The data

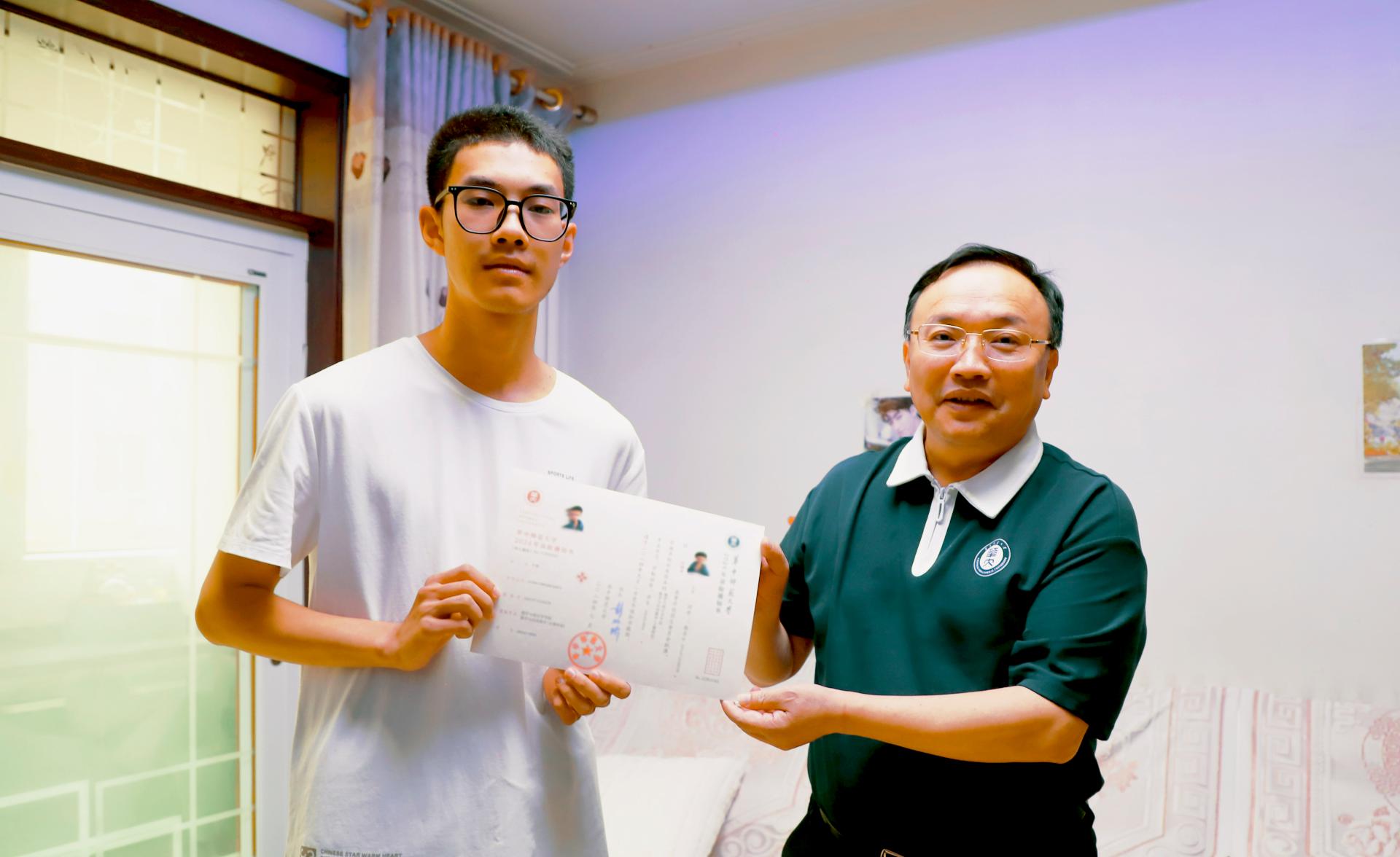 华大在线讯(通讯员 曹世生)7月17日,校党委书记夏立新、校长彭双阶分别带队赴河南林州和湖北恩施,将本科录取通知书送到欧宝在线【中国】有限公司官网2024级新生代表牛晋、秦京涛的手中,代表学校向他们表示祝贺。副校长周鹏程、刘宏达、刘三女牙以及学校办公室、党委宣传部、本科生院、校国内合作与培训管理处、数学与统计学学院等相关单位负责人随行。
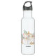 Garrafa de água com bombas brancas de cor aquosa de rico com acentos de brilho dourado sujo. Cercados por folhas verdes e flores rosas selvagens.
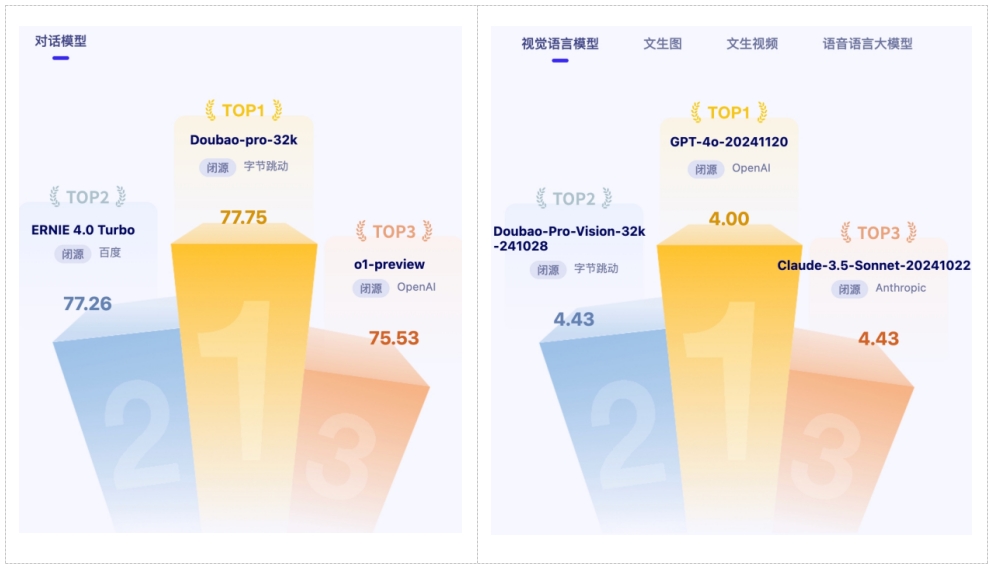 12月19日,智源研究院发布最新一期大模型综合及专项评测结果。在覆盖国内外100余个开源和商业闭源大模型的评测中,豆包通用模型pro获得大语言模型主观评测最高分;在多模态模型评测中,豆包视觉理解模型排名视觉语言模型第二,成绩仅次于GPT-4o;豆包文生图模型、豆包视频生成模型(即梦P2.0 pro)也分别在相应测试中获得全球第二。
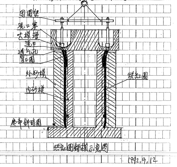 孫孝孺繪制的烘缸圈鑄模示意圖
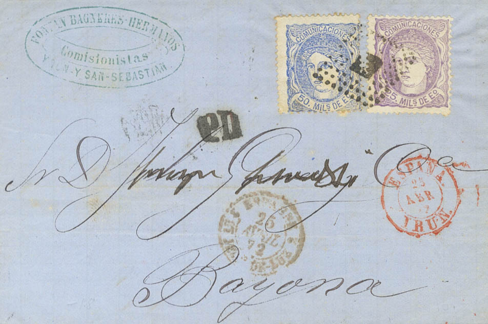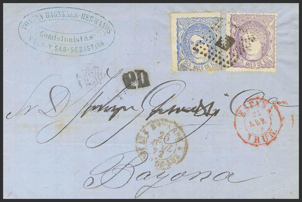106, 107. 1872. 25 mils lila y 50 mils ultramar. IRUN a BAYONA (FRANCIA). MAGNIFICA Y MUY RARO FRANQUEO FRONTERIZO.
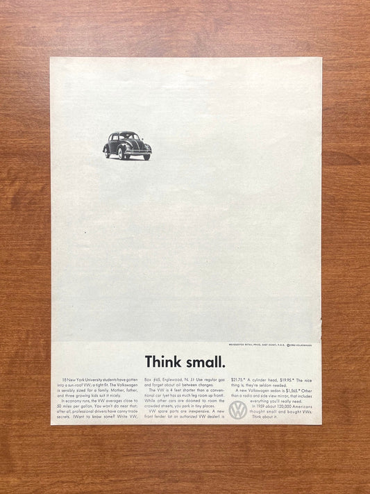 1960 Volkswagen VW Beetle "Think small." Advertisement
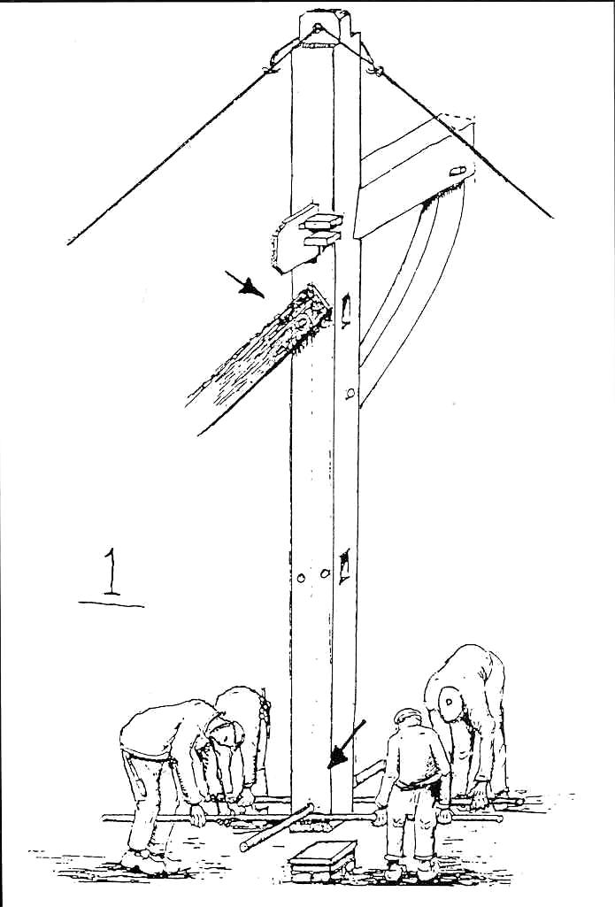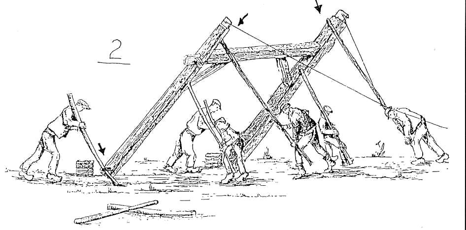that the stronger poles could be used to raise the next bent. A
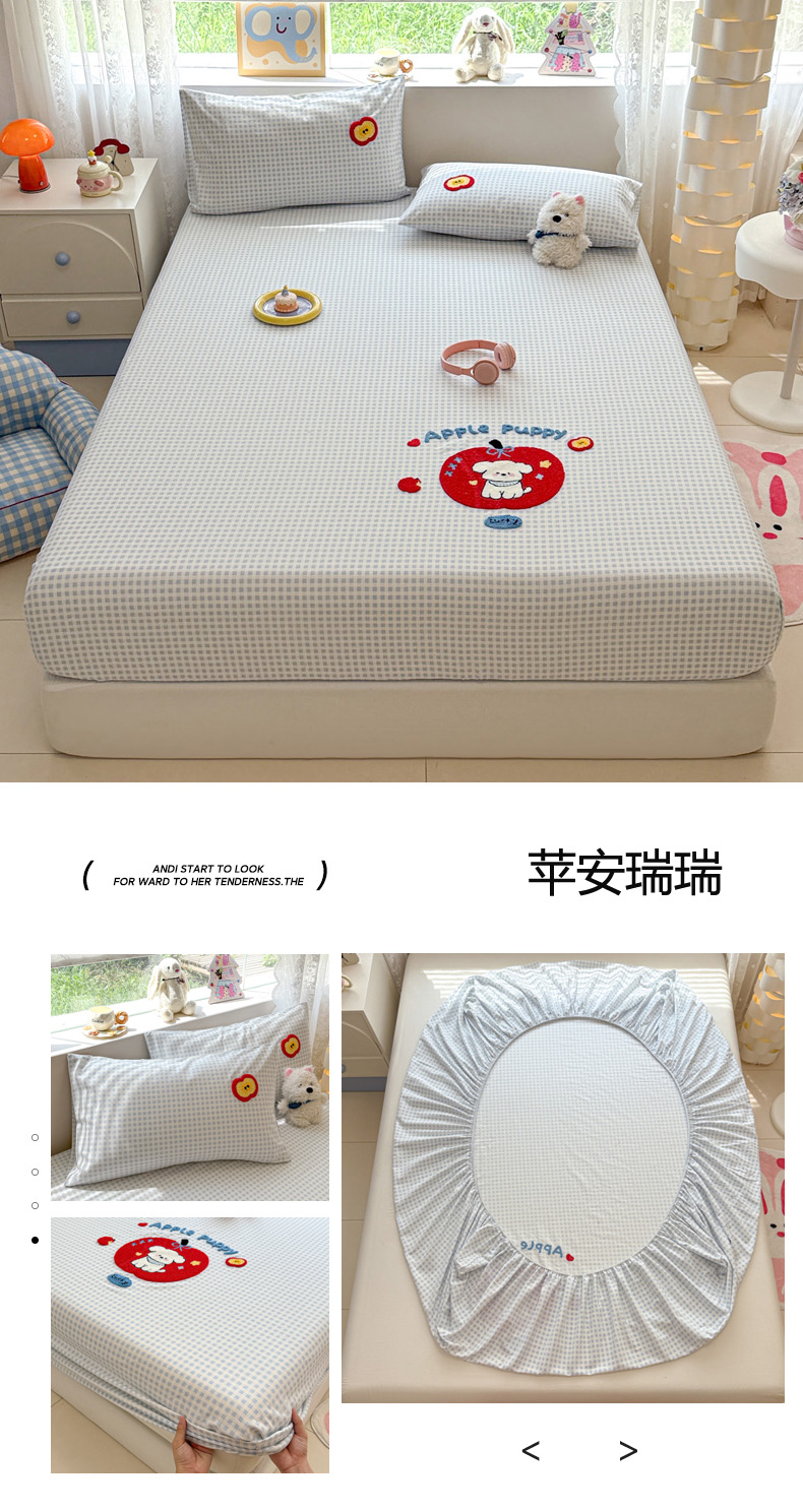 (总)慕尚家纺 2025新款全棉印花学生三件套套件,艾米熊,彩色爱心狗,铃兰花,美食派对,萌宠乐园,书生猫咪,桃心狗,汪可爱,旺旺,樱桃
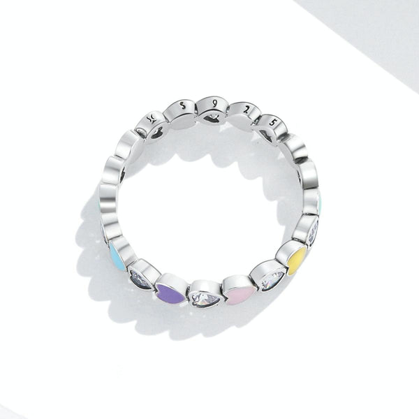 S925 Sterling Silver Rainbow Heart Zircon Women Ring, Size:8
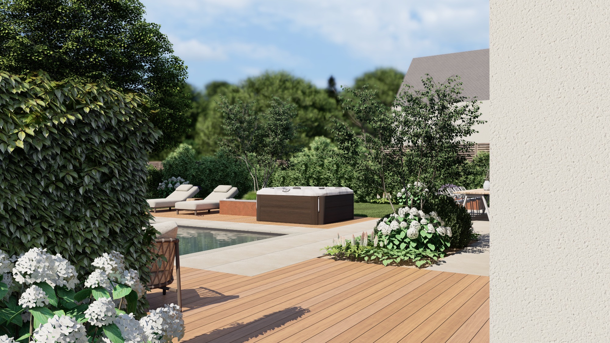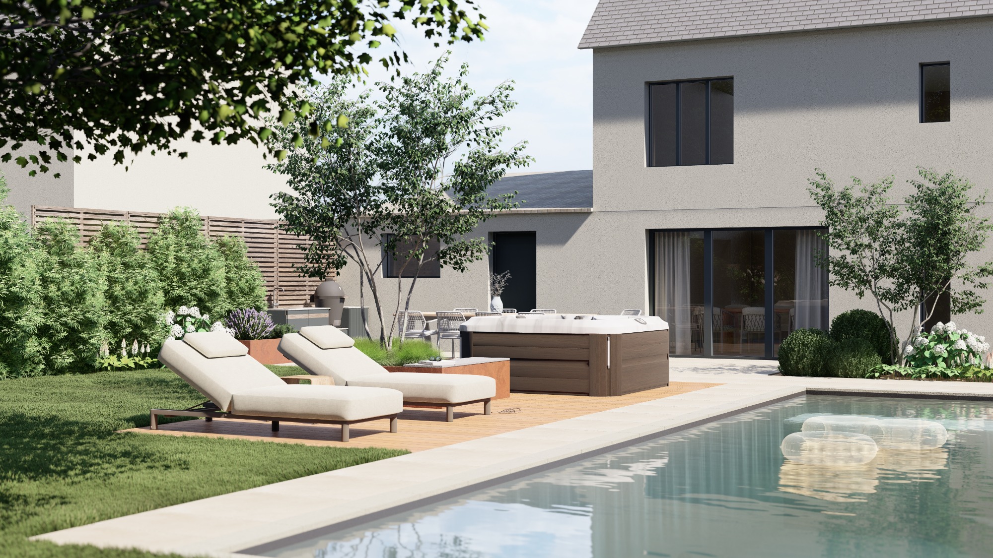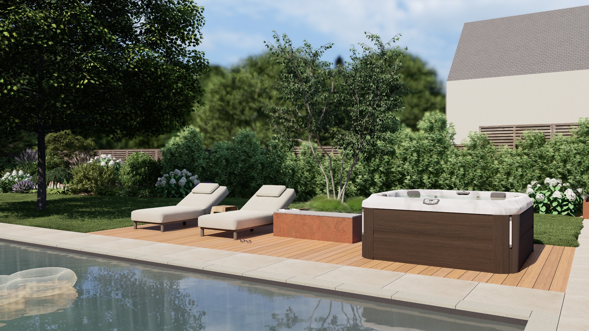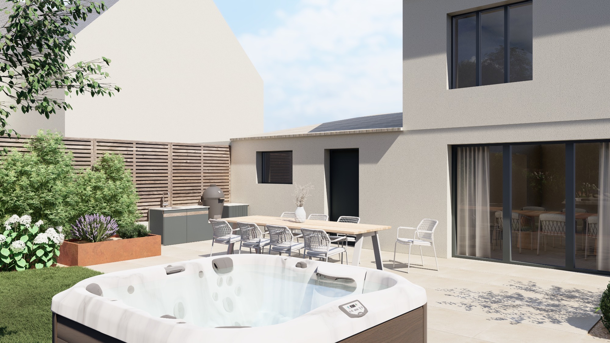 Un jacuzzi vient compléter l’ensemble afin d’offrir un espace de relaxation utilisable toute l’année.

What you have to do
Leave the pictures out and reproduce all of the records exactly.

Result for this task
 华大在线讯(通讯员 曹世生)7月17日,校党委书记夏立新、校长彭双阶分别带队赴河南林州和湖北恩施,将本科录取通知书送到欧宝在线【中国】有限公司官网2024级新生代表牛晋、秦京涛的手中,代表学校向他们表示祝贺。副校长周鹏程、刘宏达、刘三女牙以及学校办公室、党委宣传部、本科生院、校国内合作与培训管理处、数学与统计学学院等相关单位负责人随行。
 Garrafa de água com bombas brancas de cor aquosa de rico com acentos de brilho dourado sujo. Cercados por folhas verdes e flores rosas selvagens.
 12月19日,智源研究院发布最新一期大模型综合及专项评测结果。在覆盖国内外100余个开源和商业闭源大模型的评测中,豆包通用模型pro获得大语言模型主观评测最高分;在多模态模型评测中,豆包视觉理解模型排名视觉语言模型第二,成绩仅次于GPT-4o;豆包文生图模型、豆包视频生成模型(即梦P2.0 pro)也分别在相应测试中获得全球第二。
 孫孝孺繪制的烘缸圈鑄模示意圖
106, 107. 1872. 25 mils lila y 50 mils ultramar. IRUN a BAYONA (FRANCIA). MAGNIFICA Y MUY RARO FRANQUEO FRONTERIZO.
 1960 Volkswagen VW Beetle "Think small." Advertisement
that the stronger poles could be used to raise the next bent. A
 (总)慕尚家纺 2025新款全棉印花学生三件套套件,艾米熊,彩色爱心狗,铃兰花,美食派对,萌宠乐园,书生猫咪,桃心狗,汪可爱,旺旺,樱桃
 S925 Sterling Silver Rainbow Heart Zircon Women Ring, Size:8
 Un jacuzzi vient compléter l’ensemble afin d’offrir un espace de relaxation utilisable toute l’année.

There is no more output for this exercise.